** SUPPLIED ENTRIES **
_____

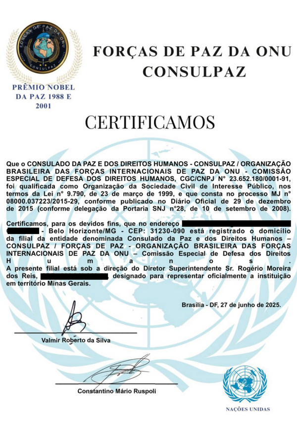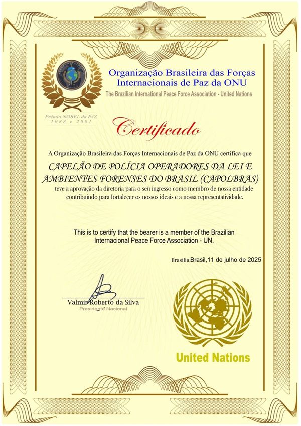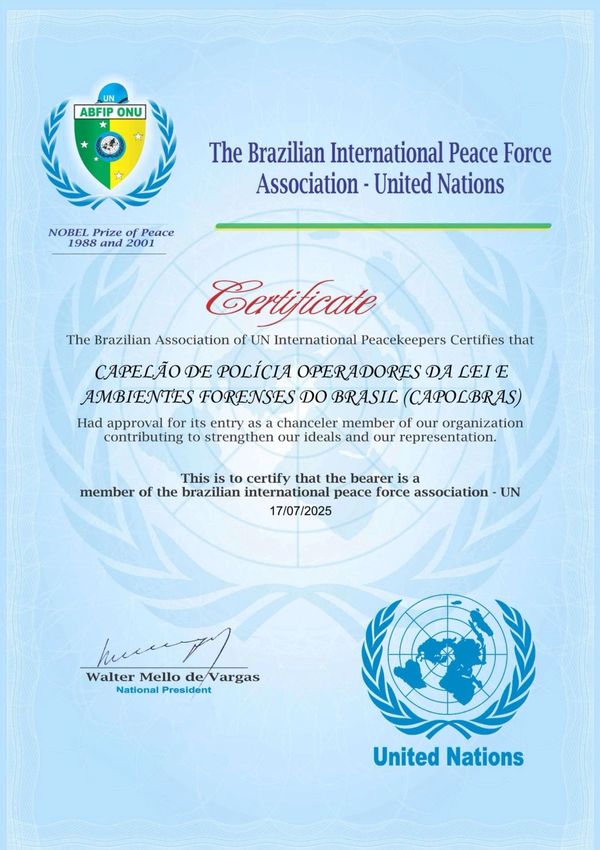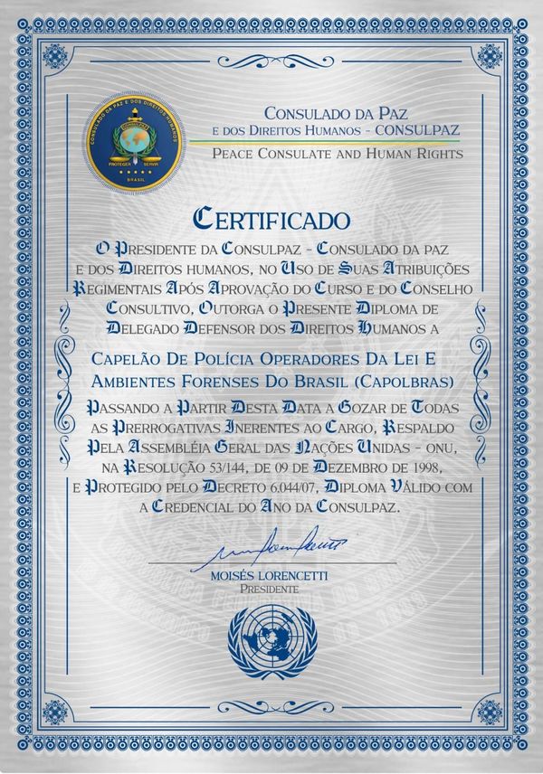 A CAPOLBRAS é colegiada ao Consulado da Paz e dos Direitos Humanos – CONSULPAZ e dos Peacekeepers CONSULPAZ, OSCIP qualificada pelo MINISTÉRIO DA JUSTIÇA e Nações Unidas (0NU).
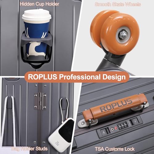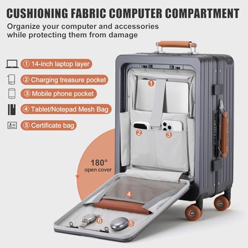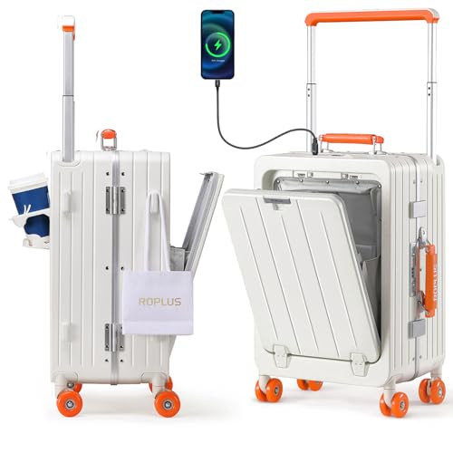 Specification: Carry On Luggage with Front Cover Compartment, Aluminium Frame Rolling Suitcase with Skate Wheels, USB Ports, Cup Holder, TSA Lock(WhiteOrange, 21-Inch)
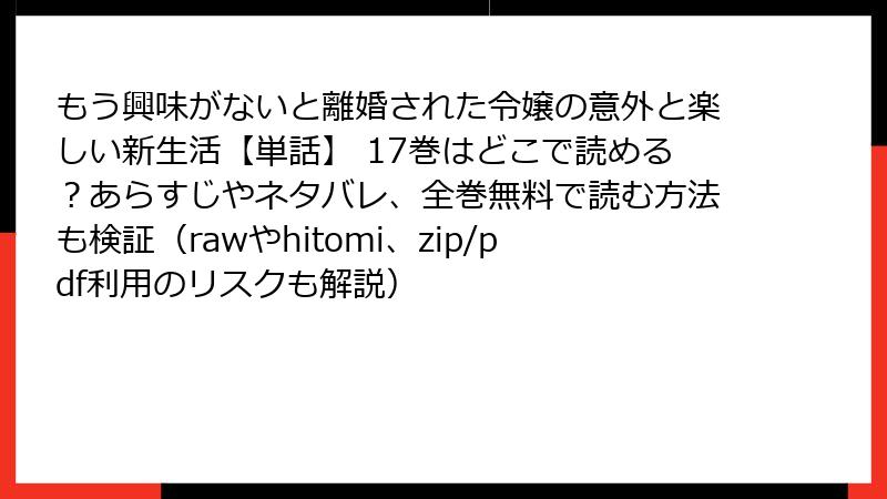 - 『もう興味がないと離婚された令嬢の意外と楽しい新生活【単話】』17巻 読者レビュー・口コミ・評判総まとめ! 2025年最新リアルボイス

_____

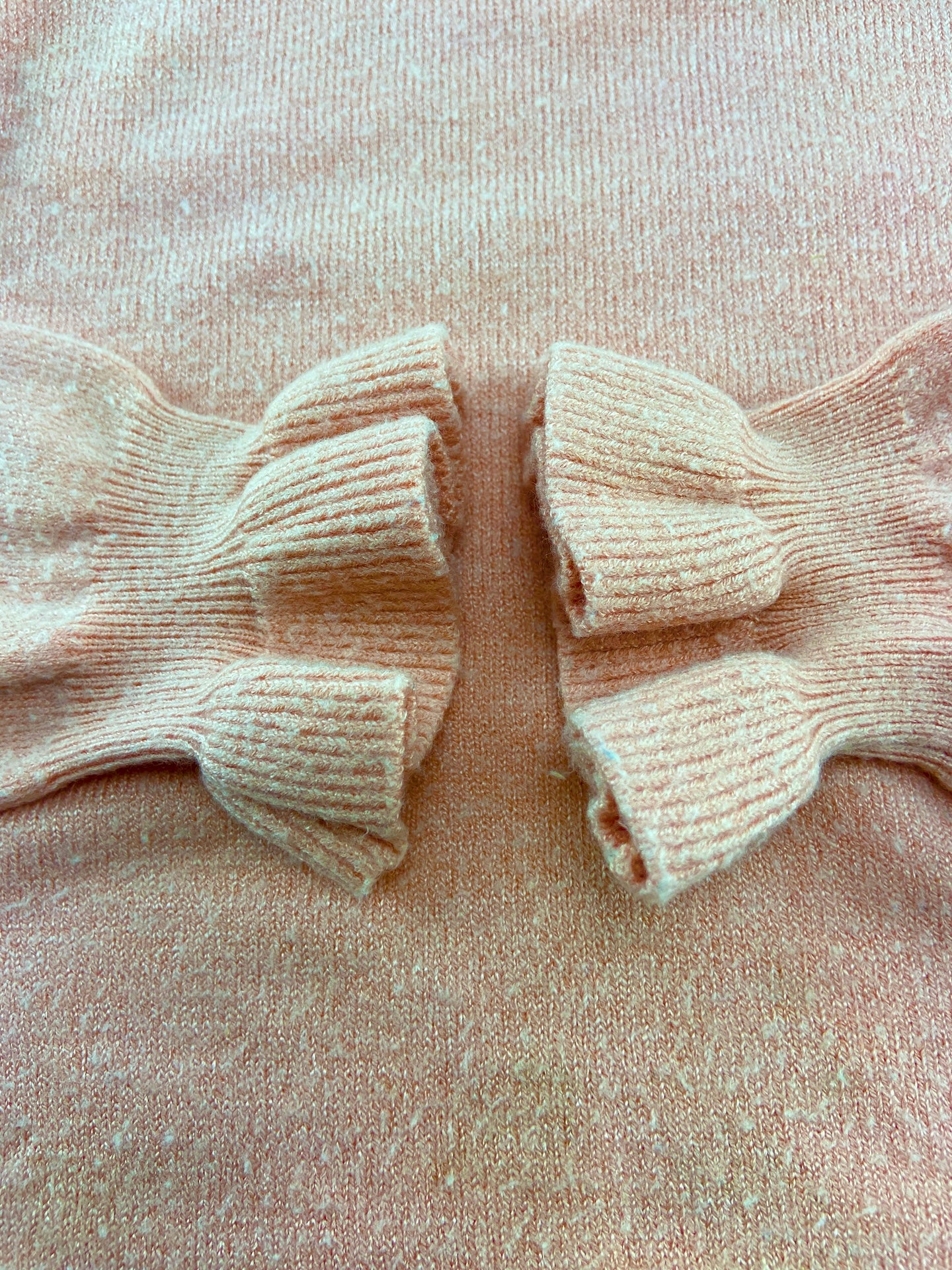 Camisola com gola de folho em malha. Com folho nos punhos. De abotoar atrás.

_____

Copy back exactly the lines above from the one containing "A CAPOLBRAS é" through the one containing "- 『もう興味がないと離婚された令嬢の意外と楽しい新生活【単話】』17巻 読者レビュー・口コミ・評判総まとめ!", and leave every picture behind.

** COMPLETED TASK **
 A CAPOLBRAS é colegiada ao Consulado da Paz e dos Direitos Humanos – CONSULPAZ e dos Peacekeepers CONSULPAZ, OSCIP qualificada pelo MINISTÉRIO DA JUSTIÇA e Nações Unidas (0NU).
 Specification: Carry On Luggage with Front Cover Compartment, Aluminium Frame Rolling Suitcase with Skate Wheels, USB Ports, Cup Holder, TSA Lock(WhiteOrange, 21-Inch)
 - 『もう興味がないと離婚された令嬢の意外と楽しい新生活【単話】』17巻 読者レビュー・口コミ・評判総まとめ! 2025年最新リアルボイス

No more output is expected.